А в дни наших ранних встреч В.А. подвергался травле. Постепенно компания заглохла, иссякла, когда стало ясно, что активным диссидентом Каверин не будет, а так, сидит в Переделкине и позволяет себе высказывать своё мнение. Но все-таки в конце шестидесятых и в начале семидесятых годов книги известнейшего писателя изымались из планов и укусы газетной критики были нередки. 

Однажды в одну из первых встреч я застал В.А. за чтением свежего номера «Литературной газеты», где был напечатан огромный и наглый пасквиль, подписанный фамилией наёмного критика Михаила Синельникова. «Мы знаем, что это - не Вы!» - предупредительно сказала Лидия Николаевна. И все же я почувствовал, что мое имя изгажено, а фамилия обесчещена. Мои чувства к проклятому тезке и соименнику легко вообразить, хотя понятно, что такое совпадение - чистое недоразумение (или же это - продуманная горним синклитом насмешка Провидения: ему за его грехи, мне за мои грехи?..)

У Каверина был очень выраженный характер. Безоглядно-отважный, независимый. Щедрость, самоотверженность, сострадание. Вот что написано в дневнике Шварца о Вениамине Александровиче: «Ни тени предательства, ни попытки бросить товарища в трудную минуту, отказаться отвечать на его горе мы не видели за все тридцать лет дружбы от Каверина».

Но при этом собственную жизнь он рассматривал весьма критически и не видел в своих поступках никакой доблести. Сказал мне: «Подумайте, в наше время величайшим благородством считается простая порядочность!» Он не имел преувеличенного мнения и о достоинствах своих произведений. И, если «Два капитана» все-таки считал удачей, то «Открытую книгу» называл «средним» романом. 

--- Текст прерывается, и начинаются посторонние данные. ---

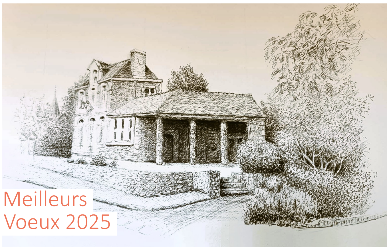
Dessin de la Mairie d'Aubigné à l'encre sepià, travaillé à la plume par Syphol Moeur - Couleurs de Bretagne - septembre 2023

Janvier > Mai 2025 • Bulletin municipal d'information • Plus d'info sur www.aubigne.fr

Опубликованный роман Булгакова «Мастер и Маргарита» (впрочем, очевидно, В.А. знал его еще по рукописи) был для Каверина чем-то вроде откровения в грозе и буре. С печалью размышляя о собственной неудаче, он любил литературу намного больше, чем себя и свое творчество. Мне кажется, что лихорадочно (это ощущалось, несмотря на обычную замедленность движений) В.А. искал в прошлом какие-то возможности, к сожалению, упущенные. Однажды я сказал, что из его вещей мне больше всего нравится повесть «Художник неизвестен». В.А. со мной согласился: «Да, я у себя эту вещь особенно ценю». 

Замечу, что прототип безумного художника - конечно, поэт Николай Заболоцкий (хотя есть в образе живописца и филоновские черты). Личность этого самородка настолько поразила Каверина своей оригинальностью, что Николай Алексеевич навсегда стал главным героем его книг. Считаю, что Заболоцкий в одном случае- художник, в другом - капитан, в третьем - биолог... Любовь к Заболоцкому, внушенная всей семье, может быть, способствовала даже тому, что Заболоцкие и Каверины породнились. 

У Вениамина Александровича и Николая Алексеевича - общие внуки.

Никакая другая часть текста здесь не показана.